Anthony Bourdain. This choice was problematic as Bourdain had a rough early life, was addicted to drugs when younger, and was a depressive, ultimately killing himself at 61. On the other hand, he got paid to travel the world to eat, immersing himself in the diversity of cultures, and made tons of friends everywhere.  He was, of course also a good writer. His life may not have been a bed of roses, but it was a full life.

Zorba the Greek. Alexis Zorba was of course a fictional character, but his portrayal in the eponymous novel written by Kazantzakis shows a man who threw himself completely into life, whether it be sniffing a lemon, working in a lignite mine, playing his santouri, or romancing the ladies.  This book still inspires me even if I fail to live up to Zorba’s standards (he’d consider me a “scribbler”, like the writer in the book).  His death is memorable: he’s living with a 25 year old woman, even though he’s quite old, and asks the schoolmaster to write to the “scribbler” (inviting him to come and get his santouri), whom Zorba hasn’t seen in years. His girlfriend writes the following in a letter sent to the scribbler:

“Come here, schoolmaster,” he said. “I have a friend in Greece. When I am dead write to him and tell him that right until the very last minute I was in full possession of my senses and was thinking of him. And tell him that whatever I have done, I have no regrets. Tell him I hope he is well and that it’s about time he showed a bit of sense.

“Listen, just another minute. If some priest or other comes to take my confession and give me the sacrament, tell him to clear out, quick, and leave me his curse instead!

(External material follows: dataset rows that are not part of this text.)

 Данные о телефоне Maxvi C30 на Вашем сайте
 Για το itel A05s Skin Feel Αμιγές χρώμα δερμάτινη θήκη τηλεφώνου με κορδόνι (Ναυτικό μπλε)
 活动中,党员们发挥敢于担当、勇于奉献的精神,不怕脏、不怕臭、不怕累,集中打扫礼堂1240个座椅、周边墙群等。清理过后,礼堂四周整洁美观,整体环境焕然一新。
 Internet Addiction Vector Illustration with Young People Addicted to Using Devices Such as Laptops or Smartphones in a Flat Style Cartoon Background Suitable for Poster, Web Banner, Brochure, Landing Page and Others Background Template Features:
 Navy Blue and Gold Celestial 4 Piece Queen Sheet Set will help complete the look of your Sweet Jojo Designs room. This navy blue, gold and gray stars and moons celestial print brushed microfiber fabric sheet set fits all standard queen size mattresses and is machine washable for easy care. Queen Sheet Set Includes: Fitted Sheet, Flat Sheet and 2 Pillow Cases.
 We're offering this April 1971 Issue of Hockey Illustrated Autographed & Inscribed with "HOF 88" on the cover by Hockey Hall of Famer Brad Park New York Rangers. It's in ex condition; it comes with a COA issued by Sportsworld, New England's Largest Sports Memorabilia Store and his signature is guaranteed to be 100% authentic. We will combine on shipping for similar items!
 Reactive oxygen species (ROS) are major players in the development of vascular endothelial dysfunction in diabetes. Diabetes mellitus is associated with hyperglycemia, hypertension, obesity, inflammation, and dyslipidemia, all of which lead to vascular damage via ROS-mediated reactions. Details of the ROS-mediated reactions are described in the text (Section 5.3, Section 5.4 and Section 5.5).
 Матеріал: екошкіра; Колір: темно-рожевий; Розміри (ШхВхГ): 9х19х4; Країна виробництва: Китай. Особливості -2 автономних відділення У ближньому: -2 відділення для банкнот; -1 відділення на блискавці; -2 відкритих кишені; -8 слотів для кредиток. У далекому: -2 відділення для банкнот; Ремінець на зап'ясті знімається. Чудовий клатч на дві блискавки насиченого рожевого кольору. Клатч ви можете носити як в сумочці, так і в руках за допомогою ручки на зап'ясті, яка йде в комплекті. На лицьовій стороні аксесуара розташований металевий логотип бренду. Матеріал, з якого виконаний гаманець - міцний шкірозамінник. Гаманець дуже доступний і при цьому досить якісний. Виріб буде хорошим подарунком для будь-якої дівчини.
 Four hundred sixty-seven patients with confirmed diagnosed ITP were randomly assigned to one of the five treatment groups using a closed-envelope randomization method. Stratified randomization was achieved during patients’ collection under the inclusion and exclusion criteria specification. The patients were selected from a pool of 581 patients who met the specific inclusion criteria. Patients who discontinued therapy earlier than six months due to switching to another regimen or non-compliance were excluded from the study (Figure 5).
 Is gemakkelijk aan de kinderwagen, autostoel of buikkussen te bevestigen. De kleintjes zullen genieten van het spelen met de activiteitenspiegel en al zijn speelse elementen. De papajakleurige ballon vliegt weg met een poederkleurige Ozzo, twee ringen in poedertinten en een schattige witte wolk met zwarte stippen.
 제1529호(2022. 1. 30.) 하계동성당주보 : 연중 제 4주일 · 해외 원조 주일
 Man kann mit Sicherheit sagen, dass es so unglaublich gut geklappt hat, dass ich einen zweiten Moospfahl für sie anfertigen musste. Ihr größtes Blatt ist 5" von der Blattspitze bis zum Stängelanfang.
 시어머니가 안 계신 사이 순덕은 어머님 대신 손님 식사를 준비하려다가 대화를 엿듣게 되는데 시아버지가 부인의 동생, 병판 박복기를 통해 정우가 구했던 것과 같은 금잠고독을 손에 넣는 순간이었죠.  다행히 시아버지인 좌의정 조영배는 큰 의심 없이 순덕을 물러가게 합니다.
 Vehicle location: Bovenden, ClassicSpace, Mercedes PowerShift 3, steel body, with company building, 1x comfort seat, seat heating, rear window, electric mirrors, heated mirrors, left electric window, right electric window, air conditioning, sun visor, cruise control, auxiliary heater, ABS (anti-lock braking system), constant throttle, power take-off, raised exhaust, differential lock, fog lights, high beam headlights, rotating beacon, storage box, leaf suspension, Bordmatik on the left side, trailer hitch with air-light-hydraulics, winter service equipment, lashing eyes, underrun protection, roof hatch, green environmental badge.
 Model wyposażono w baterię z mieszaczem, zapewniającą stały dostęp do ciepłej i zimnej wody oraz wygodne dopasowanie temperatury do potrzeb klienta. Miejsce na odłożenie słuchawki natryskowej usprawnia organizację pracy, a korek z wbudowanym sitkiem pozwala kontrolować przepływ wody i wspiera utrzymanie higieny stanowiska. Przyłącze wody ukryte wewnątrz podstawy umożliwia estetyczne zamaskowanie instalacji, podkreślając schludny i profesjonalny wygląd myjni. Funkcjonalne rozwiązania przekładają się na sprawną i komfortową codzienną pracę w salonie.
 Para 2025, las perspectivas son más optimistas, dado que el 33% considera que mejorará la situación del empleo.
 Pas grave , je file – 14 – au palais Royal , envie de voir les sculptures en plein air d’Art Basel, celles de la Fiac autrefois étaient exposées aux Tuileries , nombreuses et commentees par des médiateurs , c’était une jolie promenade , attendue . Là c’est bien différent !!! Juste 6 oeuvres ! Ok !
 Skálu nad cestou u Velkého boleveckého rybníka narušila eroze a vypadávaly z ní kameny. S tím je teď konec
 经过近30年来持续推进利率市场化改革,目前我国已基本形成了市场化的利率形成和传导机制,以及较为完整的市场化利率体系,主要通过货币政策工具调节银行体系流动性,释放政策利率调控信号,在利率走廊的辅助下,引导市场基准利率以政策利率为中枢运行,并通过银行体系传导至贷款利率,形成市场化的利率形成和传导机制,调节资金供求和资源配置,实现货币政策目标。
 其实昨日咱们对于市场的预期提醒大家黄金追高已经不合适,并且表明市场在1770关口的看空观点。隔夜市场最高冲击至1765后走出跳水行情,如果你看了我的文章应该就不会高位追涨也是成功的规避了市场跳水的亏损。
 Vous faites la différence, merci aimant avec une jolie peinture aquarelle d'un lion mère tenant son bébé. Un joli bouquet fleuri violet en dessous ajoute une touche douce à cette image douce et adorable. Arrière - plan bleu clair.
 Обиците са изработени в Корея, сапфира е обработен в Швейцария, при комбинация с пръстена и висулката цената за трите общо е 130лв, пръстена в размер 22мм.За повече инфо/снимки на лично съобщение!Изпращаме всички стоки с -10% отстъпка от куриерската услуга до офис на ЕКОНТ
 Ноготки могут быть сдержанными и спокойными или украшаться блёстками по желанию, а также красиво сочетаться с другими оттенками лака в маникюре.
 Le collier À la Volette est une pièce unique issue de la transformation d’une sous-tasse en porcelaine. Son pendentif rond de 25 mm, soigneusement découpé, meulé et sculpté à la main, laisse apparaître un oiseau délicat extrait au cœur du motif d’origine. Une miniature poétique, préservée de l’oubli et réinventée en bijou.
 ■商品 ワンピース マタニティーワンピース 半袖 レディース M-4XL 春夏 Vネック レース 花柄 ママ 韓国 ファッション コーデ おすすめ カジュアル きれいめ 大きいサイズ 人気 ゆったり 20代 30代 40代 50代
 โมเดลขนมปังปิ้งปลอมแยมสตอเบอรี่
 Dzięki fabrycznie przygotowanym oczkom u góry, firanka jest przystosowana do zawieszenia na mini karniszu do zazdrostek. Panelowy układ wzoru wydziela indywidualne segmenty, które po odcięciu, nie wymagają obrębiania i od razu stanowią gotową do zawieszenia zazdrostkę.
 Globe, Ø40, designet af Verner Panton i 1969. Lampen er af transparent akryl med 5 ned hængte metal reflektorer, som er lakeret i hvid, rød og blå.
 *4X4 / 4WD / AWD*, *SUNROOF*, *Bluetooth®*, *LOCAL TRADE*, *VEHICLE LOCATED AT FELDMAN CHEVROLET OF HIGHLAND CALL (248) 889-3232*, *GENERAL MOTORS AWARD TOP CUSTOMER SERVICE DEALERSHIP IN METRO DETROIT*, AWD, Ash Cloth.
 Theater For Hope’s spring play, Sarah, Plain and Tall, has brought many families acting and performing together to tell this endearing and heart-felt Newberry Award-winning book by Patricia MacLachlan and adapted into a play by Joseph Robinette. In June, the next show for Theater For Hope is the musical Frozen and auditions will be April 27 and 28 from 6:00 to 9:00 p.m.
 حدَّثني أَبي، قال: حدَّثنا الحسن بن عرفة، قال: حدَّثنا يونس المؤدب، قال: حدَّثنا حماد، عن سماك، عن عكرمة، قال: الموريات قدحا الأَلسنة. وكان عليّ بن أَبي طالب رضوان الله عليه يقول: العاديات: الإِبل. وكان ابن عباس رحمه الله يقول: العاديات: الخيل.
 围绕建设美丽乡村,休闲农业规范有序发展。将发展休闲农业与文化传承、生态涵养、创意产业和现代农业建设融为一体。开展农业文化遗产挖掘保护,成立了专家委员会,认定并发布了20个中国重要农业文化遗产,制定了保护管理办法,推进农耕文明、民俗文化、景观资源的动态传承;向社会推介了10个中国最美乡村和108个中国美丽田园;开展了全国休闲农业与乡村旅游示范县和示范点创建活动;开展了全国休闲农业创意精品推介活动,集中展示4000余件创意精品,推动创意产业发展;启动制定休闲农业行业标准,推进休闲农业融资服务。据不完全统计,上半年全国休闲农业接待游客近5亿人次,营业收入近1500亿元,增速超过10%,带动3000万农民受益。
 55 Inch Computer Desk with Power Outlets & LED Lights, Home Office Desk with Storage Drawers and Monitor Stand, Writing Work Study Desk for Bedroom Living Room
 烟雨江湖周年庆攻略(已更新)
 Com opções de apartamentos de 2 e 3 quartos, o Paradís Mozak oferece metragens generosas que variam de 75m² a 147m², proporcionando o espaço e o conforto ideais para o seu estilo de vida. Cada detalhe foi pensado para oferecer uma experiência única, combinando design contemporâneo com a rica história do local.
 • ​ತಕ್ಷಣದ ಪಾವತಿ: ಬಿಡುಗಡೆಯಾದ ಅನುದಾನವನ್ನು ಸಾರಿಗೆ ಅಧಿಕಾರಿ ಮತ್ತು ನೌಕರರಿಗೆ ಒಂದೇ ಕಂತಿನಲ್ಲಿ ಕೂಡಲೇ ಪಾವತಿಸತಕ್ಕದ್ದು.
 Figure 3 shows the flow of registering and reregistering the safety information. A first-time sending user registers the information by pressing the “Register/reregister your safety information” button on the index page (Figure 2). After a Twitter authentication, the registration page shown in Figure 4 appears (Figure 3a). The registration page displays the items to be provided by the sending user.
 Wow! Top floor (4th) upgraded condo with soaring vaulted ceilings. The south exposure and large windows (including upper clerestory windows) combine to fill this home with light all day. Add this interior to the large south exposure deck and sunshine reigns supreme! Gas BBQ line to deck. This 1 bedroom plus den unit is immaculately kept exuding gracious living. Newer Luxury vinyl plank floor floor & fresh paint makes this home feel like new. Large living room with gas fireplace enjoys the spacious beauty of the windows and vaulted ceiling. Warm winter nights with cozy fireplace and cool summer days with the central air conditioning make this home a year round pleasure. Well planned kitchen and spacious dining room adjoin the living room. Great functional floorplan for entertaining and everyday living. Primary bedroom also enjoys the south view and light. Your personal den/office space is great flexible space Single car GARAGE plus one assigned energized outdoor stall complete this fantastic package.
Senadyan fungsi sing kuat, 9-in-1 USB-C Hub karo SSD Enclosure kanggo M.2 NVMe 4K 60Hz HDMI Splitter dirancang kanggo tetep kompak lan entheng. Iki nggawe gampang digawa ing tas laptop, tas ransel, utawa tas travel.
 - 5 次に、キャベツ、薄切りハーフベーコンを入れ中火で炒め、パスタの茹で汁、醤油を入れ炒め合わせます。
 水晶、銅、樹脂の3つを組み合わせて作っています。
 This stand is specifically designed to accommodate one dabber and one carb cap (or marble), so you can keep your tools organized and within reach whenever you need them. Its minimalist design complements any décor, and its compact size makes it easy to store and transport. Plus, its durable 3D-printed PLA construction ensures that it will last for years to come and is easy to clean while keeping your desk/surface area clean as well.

I’ve done heaps and heaps of things in my life, but I still did not do enough. Men like me ought to live a thousand years. Good night!”

From the movie: Anthony Quinn as Zorba (right) with “the scribbler”, played by Alan Bates.

Of course this is to invite you to share your own role models for life, if you have any, or weigh in on mine. For those readers who say they have no such models because their own lives are already full, I envy you!